3.     ASSIGNMENT OF RIGHTS

3.1    Licensee hereby assigns to Licensor all Intellectual Property
Rights associated with Licensed Products and Services, except those Reserved
Marks set forth in Exhibit C, and agrees that it shall assign, confirm, or
acknowledge such ownership on or at the request of Licensor, and shall execute
such assignments or other documents as may be requested by Licensor to confirm
Licensor's ownership of all past, present, or future Intellectual Property
Rights not set forth in Exhibit C, including such Intellectual Property Rights
which Licensee creates, develops, or obtains during the Term of this Agreement,
together with any and all such rights relating to any Advertising and
Promotional Materials, Business Materials, and Packaging and Instructional
Materials Licensee uses in connection therewith.

3.2    Upon the earlier of the timely filing of (a) an Amendment to
Allege Use or (b) a Statement of Use for any of the Reserved Marks listed in
Exhibit C, all right, title and interest in that trademark shall be assigned to
Licensor under the terms of this Agreement.  Thereafter, Licensee shall assign,
confirm, or acknowledge the ownership of such trademark on or at the request of
Licensor, and shall execute such assignments or other documents as may be
requested by Licensor to confirm Licensor's ownership.

3.3    Notwithstanding the above, all rights to Licensee
Confidential or Proprietary Information, and all rights to tangible assets used
in the Entertainment Business, including all Advertising Materials, Business
Materials, and Packaging Materials, shall remain the sole property of Licensee,
apart from the Intellectual Property Rights therein.

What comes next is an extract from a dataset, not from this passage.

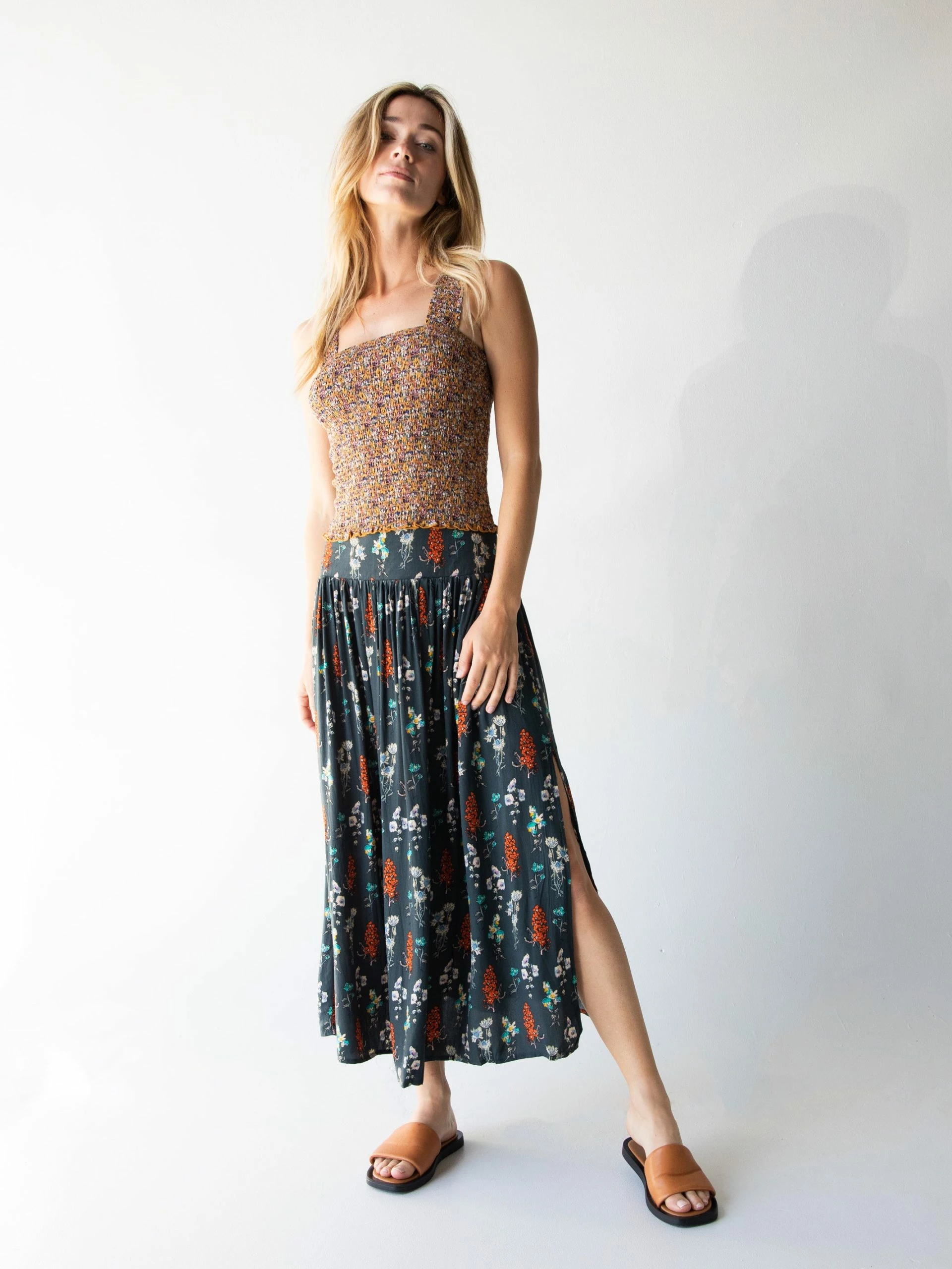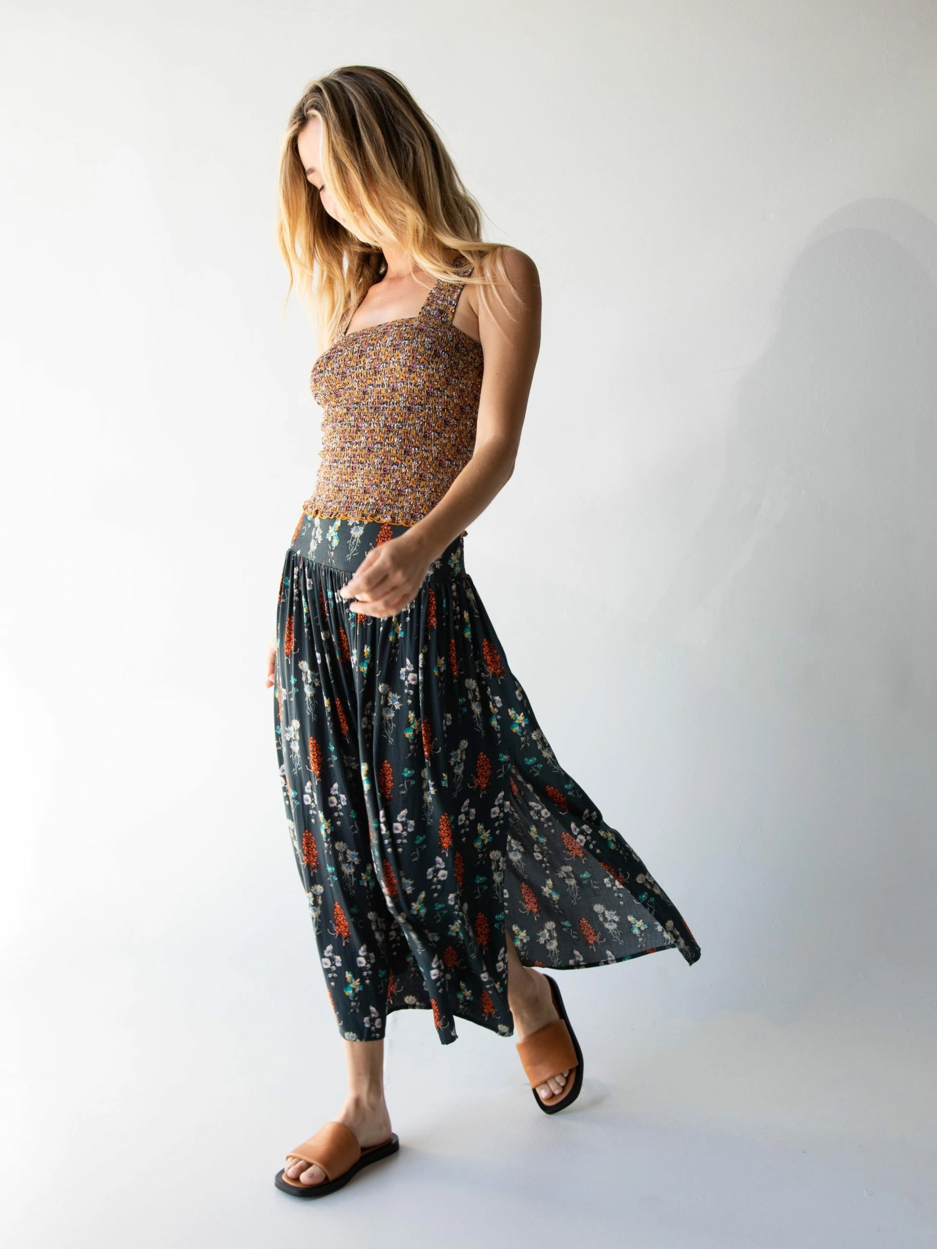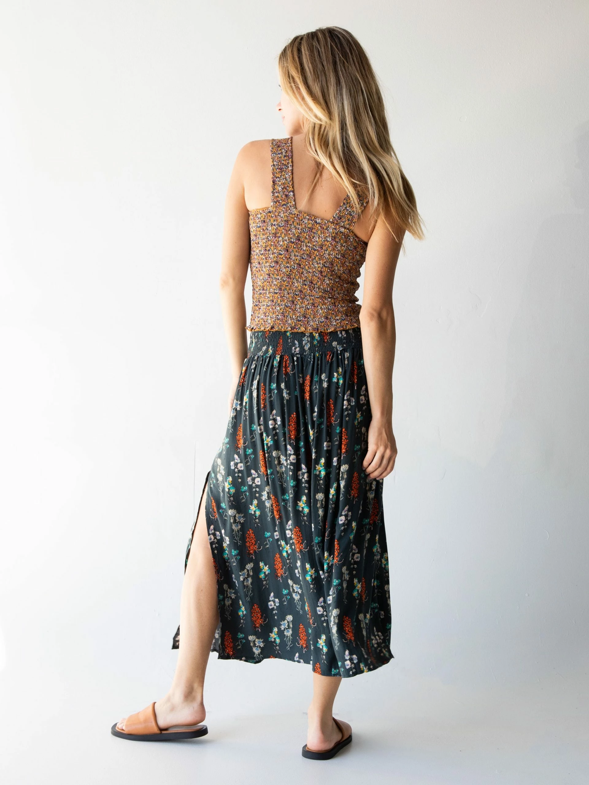 Natural Life Addie Midi Skirt – Charcoal Bouquet

4.     GRANT OF LICENSE; RESERVATION OF RIGHTS

4.1    Licensor hereby grants to Licensee the exclusive license and
right to use and sublicense the Intellectual Property Rights solely in the
Territory and solely in connection with the Entertainment Business, subject to
Licensor' rights of approval and control under this Agreement, provided,
however that Licensee shall require all sublicensees to enter into a sublicense
agreement containing terms and conditions acceptable to Licensor.  Licensee
must obtain Licensor's written approval prior to sublicensing the Intellectual
Property Rights under this Agreement.

4.2    Licensor further confirms that Licensee may use the Marks in
its corporate or business name(s), during the Term and subject to the terms and
conditions of this Agreement.

4.3    Licensee agrees that the essence of this Agreement is founded
on the goodwill associated with the Intellectual Property Rights and the value
of that goodwill in the minds of the public, and on the continued ability of
Licensor to protect and maintain the Intellectual Property Rights.  Licensee
agrees that it is critical that such goodwill and Intellectual Property Rights
be protected and enhanced, and toward this end, Licensee agrees, both during
the term and thereafter, not to:
(a)     attack the title or rights of Licensor in or to the
Intellectual Property Rights;
(b)     apply to register or maintain any application or registration
respecting the Marks, Domain Names or any other mark or domain
name confusingly similar thereto, or respecting any of the
Intellectual Property Rights except with the consent and
direction of Licensor and in the name of Licensor, unless
otherwise directed by Licensor;
(c)     use any colorable imitation of any of the Marks or Domain
Names, or any variant form (including variant design forms,
logos, colors, or type styles) of the Marks or Domain Names
not specifically approved by Licensor; or
(d)     misuse the Marks, Domain Names or the other Intellectual
Property Rights, take any action that would bring the Marks,
Domain Names or the other Intellectual Property Rights into
public disrepute, or take any action that would tend to
destroy or diminish Licensor' ownership, value, or goodwill in
the Marks, Domain Names or the other Intellectual Property
Rights.

4.4    The parties agree that all use by Licensee and its
sublicensees of the Intellectual Property Rights under the terms of this
Agreement, including without limitation all use by Licensee and its
sublicensees of any of the Marks, inures to the benefit of Licensor.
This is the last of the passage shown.